*About this exercise*
Without any pictures, restate the full set of records below exactly.

*Exercise inputs*
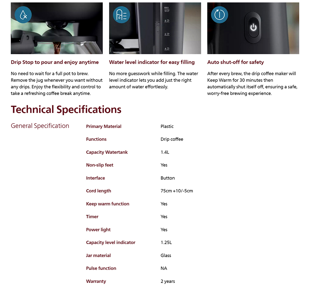 Philips HD7430/90 Drip Coffee Maker Essentials Collection 1000 Series
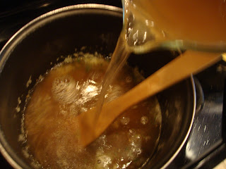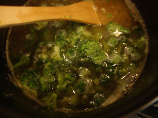 Cook for another minute or two, just so the flavors start to combine. Then add about 6 cups of your beef stock and your broccoli.
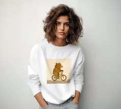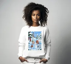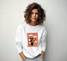 Un allegro orso arrostisce un marshmallow su un fuoco da campo, circondato da pini, trasmettendo il messaggio "Vai fuori". Lo stile semplice e giocoso e la palette di colori caldi promuovono le gioie delle avventure all'aria aperta.
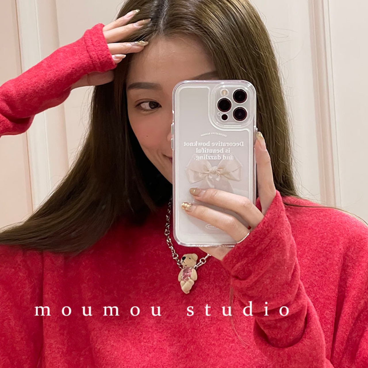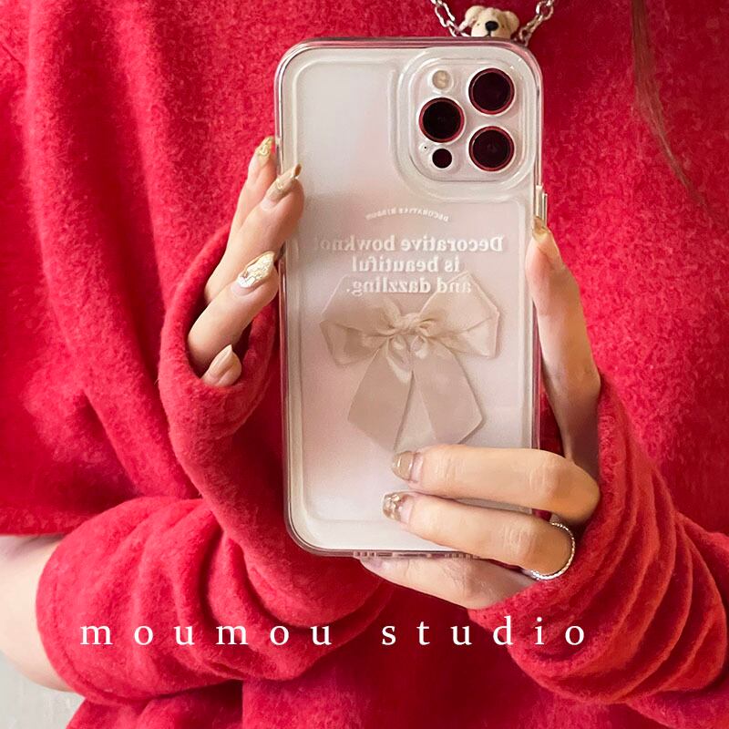 と韓国のシンプルな弓の透明な適切なアップル11iphone13携帯電話シェル12promax保護カバー リボン かわいいA MOMO_A36483979794
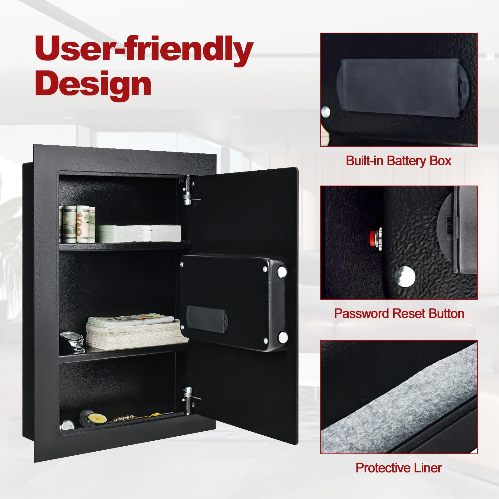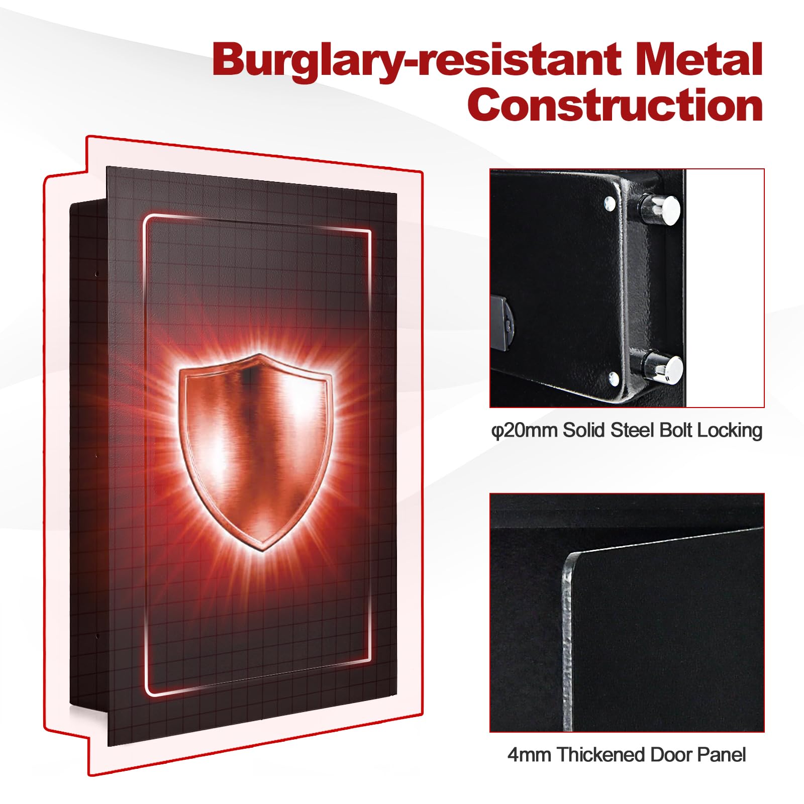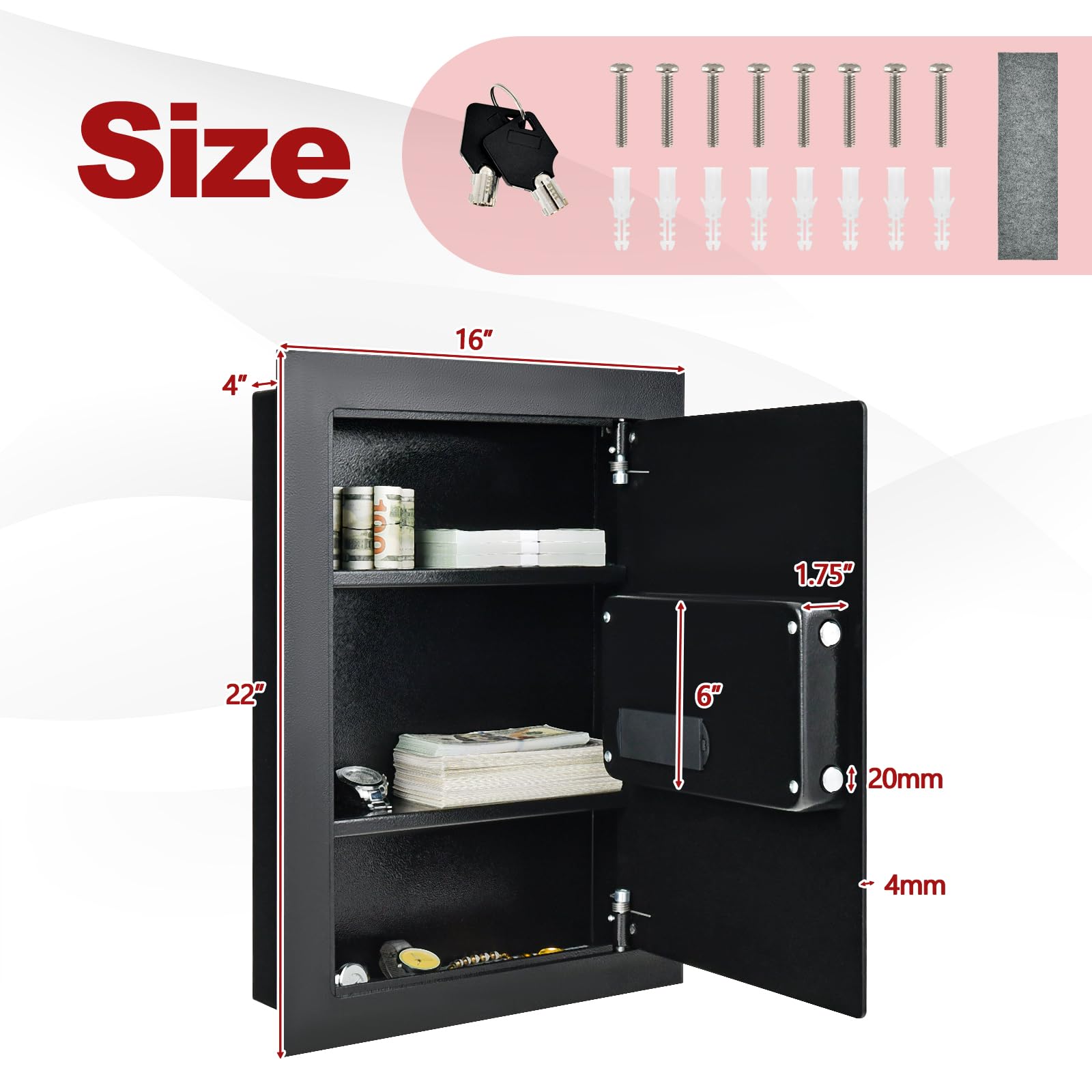 Secure your valuables in our wall mount safe, the ultimate solution for safeguarding your prized possessions! Its solid steel bolt locking system, reinforced steel panels, and heavy-duty metal frame assure you of maximum protection of your valuables. And the safe can be easily hidden from your sight as it fits between the studs. Inside the safe box, there are 3 shelves for you to keep the valuables well organized. If you need to store an important document, you can detach the shelves to free up space. What's more, the wall safe comes with an electric combination lock and built-in battery box for easy operation by entering the password or by using the emergency keys. So don't worry about losing your password or running out of battery!
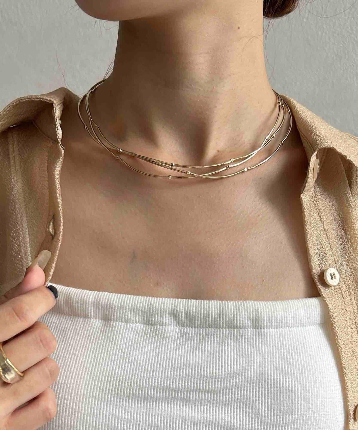 細細的鏈條即使是三股項鍊也能給人時尚的感覺。
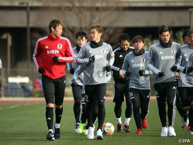 On Monday 18 March, the SAMURAI BLUE (Japan National Team) held their first training session in Yokohama ahead of the KIRIN CHALLENGE CUP 2019 matches against the Colombia National Team and Bolivia National Team, scheduled on Friday 22 at Nissan Stadium and Tuesday 26 at Noevir Stadium Kobe respectively.
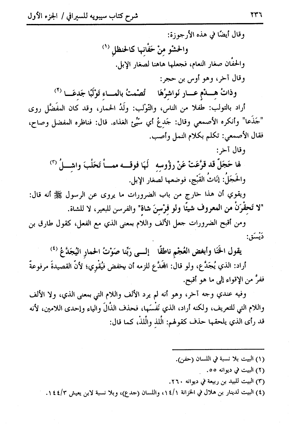 ومن أقبح الضرورات جعل الألف واللام بمعنى الذي مع الفعل، كقول طارق بن ديسق:

*Exercise answer*
 Philips HD7430/90 Drip Coffee Maker Essentials Collection 1000 Series
 Cook for another minute or two, just so the flavors start to combine. Then add about 6 cups of your beef stock and your broccoli.
 Un allegro orso arrostisce un marshmallow su un fuoco da campo, circondato da pini, trasmettendo il messaggio "Vai fuori". Lo stile semplice e giocoso e la palette di colori caldi promuovono le gioie delle avventure all'aria aperta.
 と韓国のシンプルな弓の透明な適切なアップル11iphone13携帯電話シェル12promax保護カバー リボン かわいいA MOMO_A36483979794
 Secure your valuables in our wall mount safe, the ultimate solution for safeguarding your prized possessions! Its solid steel bolt locking system, reinforced steel panels, and heavy-duty metal frame assure you of maximum protection of your valuables. And the safe can be easily hidden from your sight as it fits between the studs. Inside the safe box, there are 3 shelves for you to keep the valuables well organized. If you need to store an important document, you can detach the shelves to free up space. What's more, the wall safe comes with an electric combination lock and built-in battery box for easy operation by entering the password or by using the emergency keys. So don't worry about losing your password or running out of battery!
 細細的鏈條即使是三股項鍊也能給人時尚的感覺。
 On Monday 18 March, the SAMURAI BLUE (Japan National Team) held their first training session in Yokohama ahead of the KIRIN CHALLENGE CUP 2019 matches against the Colombia National Team and Bolivia National Team, scheduled on Friday 22 at Nissan Stadium and Tuesday 26 at Noevir Stadium Kobe respectively.
 ومن أقبح الضرورات جعل الألف واللام بمعنى الذي مع الفعل، كقول طارق بن ديسق:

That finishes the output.